◆ **ASSIGNMENT**
You are asked to copy the entire listing exactly, apart from its pictures.
Start of MATERIAL PROVIDED
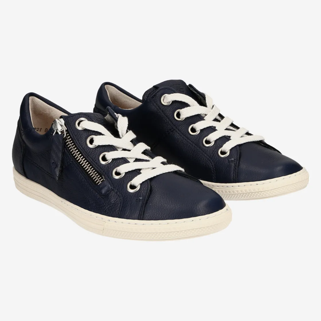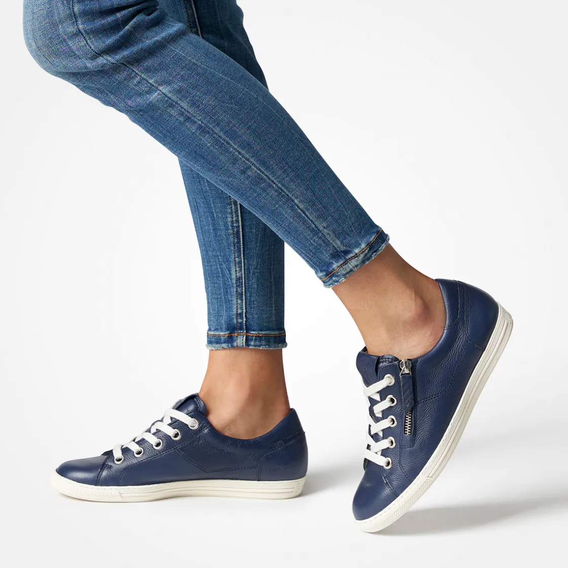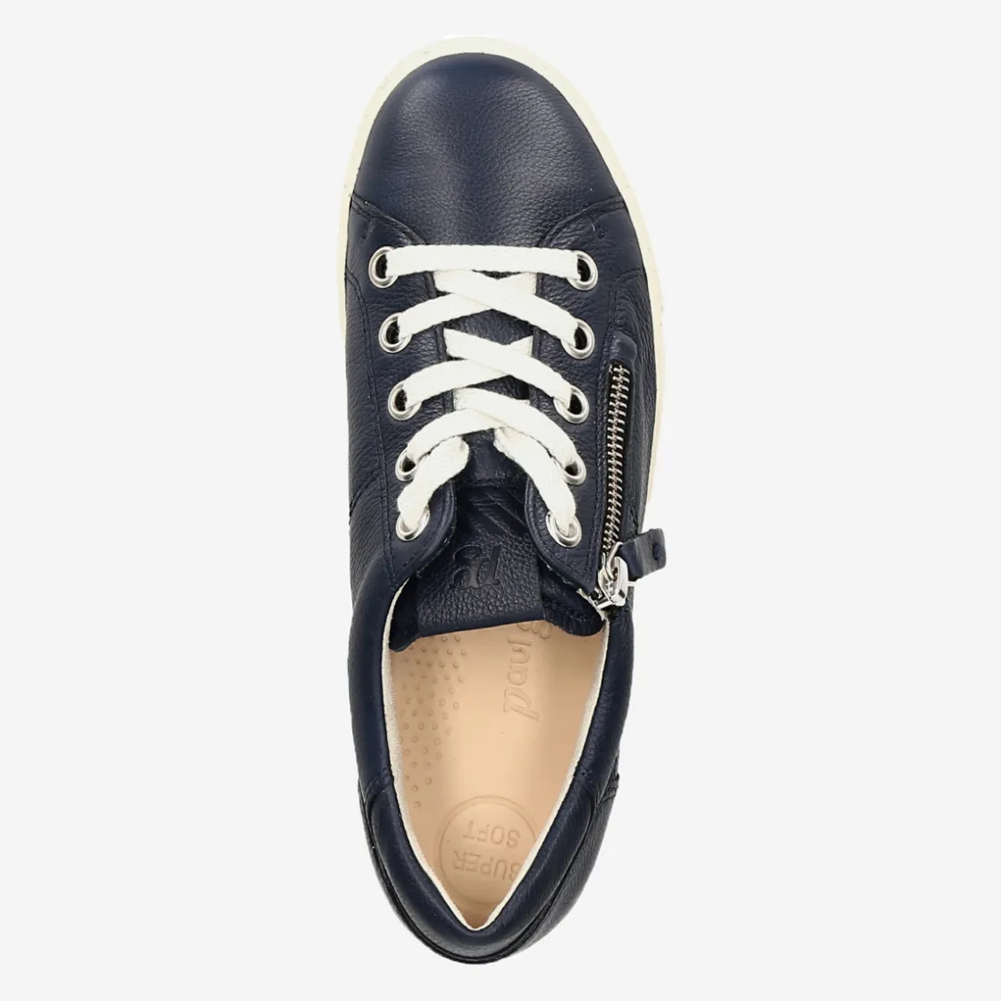 The simple lace-ups from Paul Green score stylishly with their blue coloring and the strong contrast to the sole. This is supported by the skillfully placed contrast stitching and the bright silver shimmering eyelets. A practical zipper makes getting in and out of the model child’s play, while the lacing ensures a lasting pleasantly firm fit. The super-soft heel ensures a very special wearing comfort.
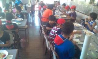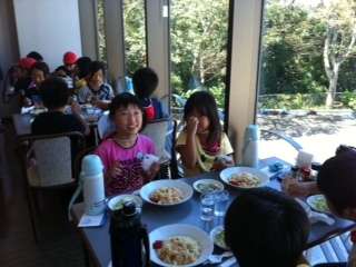 *今回ばかりはちょっとした旅行気分。マリンランド内のレストランで昼食をいただきました。
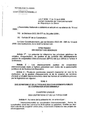 LOI N°2009-17 DU 13 AOÛT 2008
End of MATERIAL PROVIDED
◆ **WRITTEN ANSWER**
 The simple lace-ups from Paul Green score stylishly with their blue coloring and the strong contrast to the sole. This is supported by the skillfully placed contrast stitching and the bright silver shimmering eyelets. A practical zipper makes getting in and out of the model child’s play, while the lacing ensures a lasting pleasantly firm fit. The super-soft heel ensures a very special wearing comfort.
 *今回ばかりはちょっとした旅行気分。マリンランド内のレストランで昼食をいただきました。
 LOI N°2009-17 DU 13 AOÛT 2008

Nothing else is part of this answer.